_Task requirements:_
In the listing that follows, the range to quote begins at the line that has "High rates of" and ends after the line that has "The NFT creator"; quote it verbatim and add nothing.

_Records supplied:_
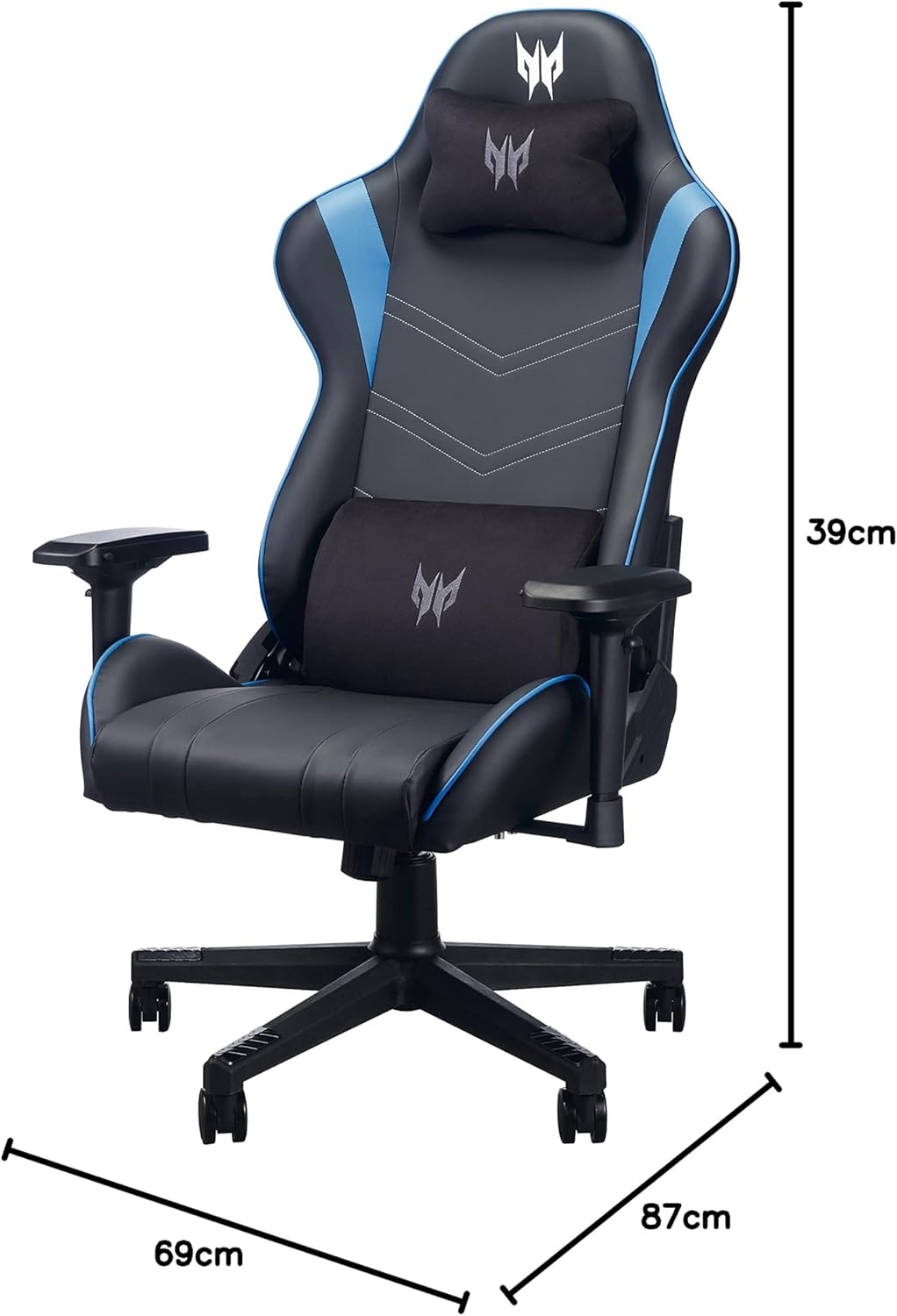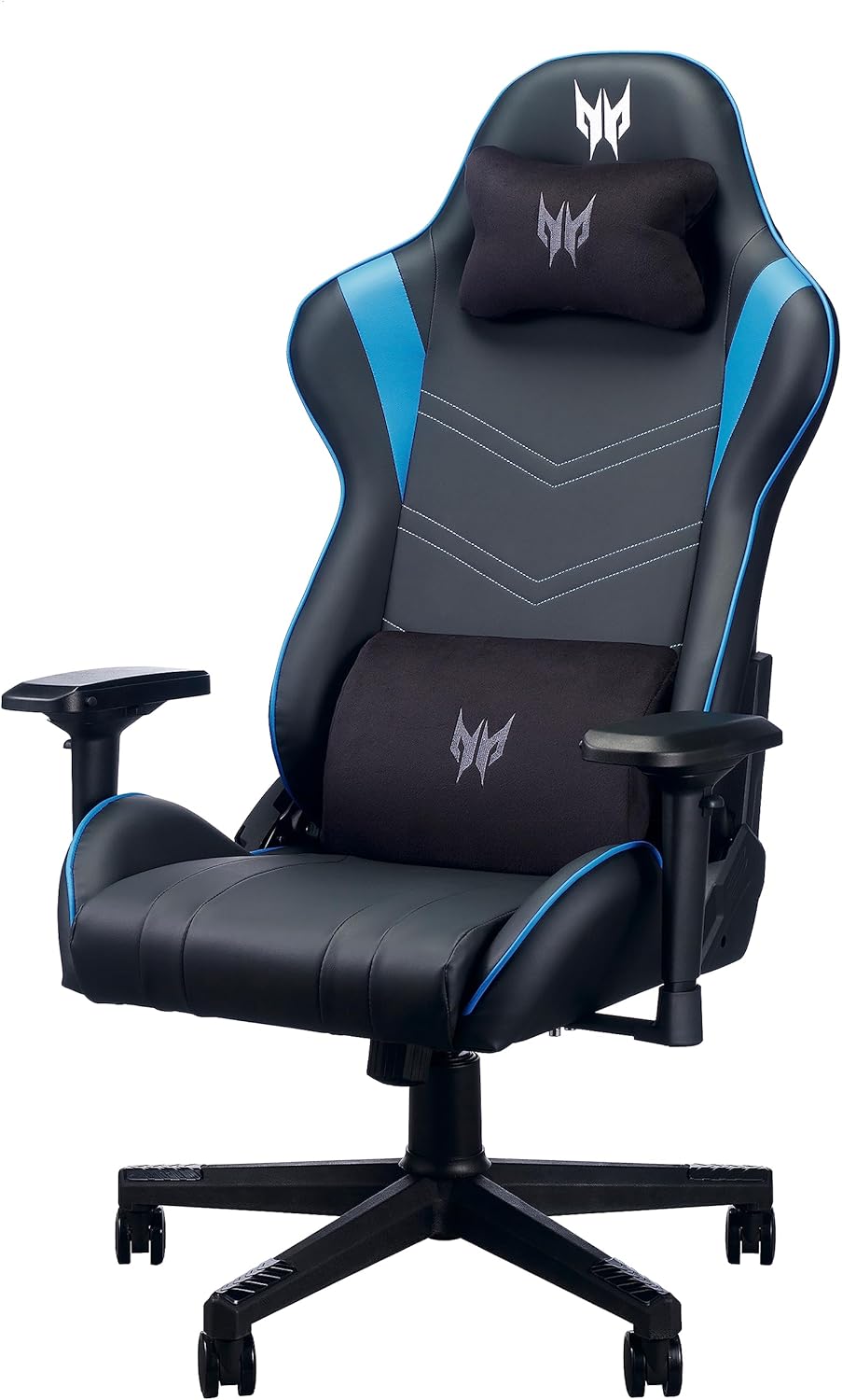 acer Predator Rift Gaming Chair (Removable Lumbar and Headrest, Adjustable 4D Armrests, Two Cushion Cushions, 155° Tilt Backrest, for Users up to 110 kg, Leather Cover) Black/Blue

--

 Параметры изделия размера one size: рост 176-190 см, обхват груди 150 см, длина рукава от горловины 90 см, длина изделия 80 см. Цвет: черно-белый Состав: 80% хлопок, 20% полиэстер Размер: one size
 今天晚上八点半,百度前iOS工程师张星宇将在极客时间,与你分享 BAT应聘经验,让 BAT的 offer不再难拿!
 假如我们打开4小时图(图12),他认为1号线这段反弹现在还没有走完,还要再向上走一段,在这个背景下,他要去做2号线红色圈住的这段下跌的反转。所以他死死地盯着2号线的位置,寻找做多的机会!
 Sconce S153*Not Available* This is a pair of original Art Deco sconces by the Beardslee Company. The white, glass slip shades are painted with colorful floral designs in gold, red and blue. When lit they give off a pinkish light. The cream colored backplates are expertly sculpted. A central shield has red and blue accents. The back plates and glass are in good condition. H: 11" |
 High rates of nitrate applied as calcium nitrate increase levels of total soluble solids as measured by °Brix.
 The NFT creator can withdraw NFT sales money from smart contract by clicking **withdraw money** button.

_Exercise answer:_
 High rates of nitrate applied as calcium nitrate increase levels of total soluble solids as measured by °Brix.
 The NFT creator can withdraw NFT sales money from smart contract by clicking **withdraw money** button.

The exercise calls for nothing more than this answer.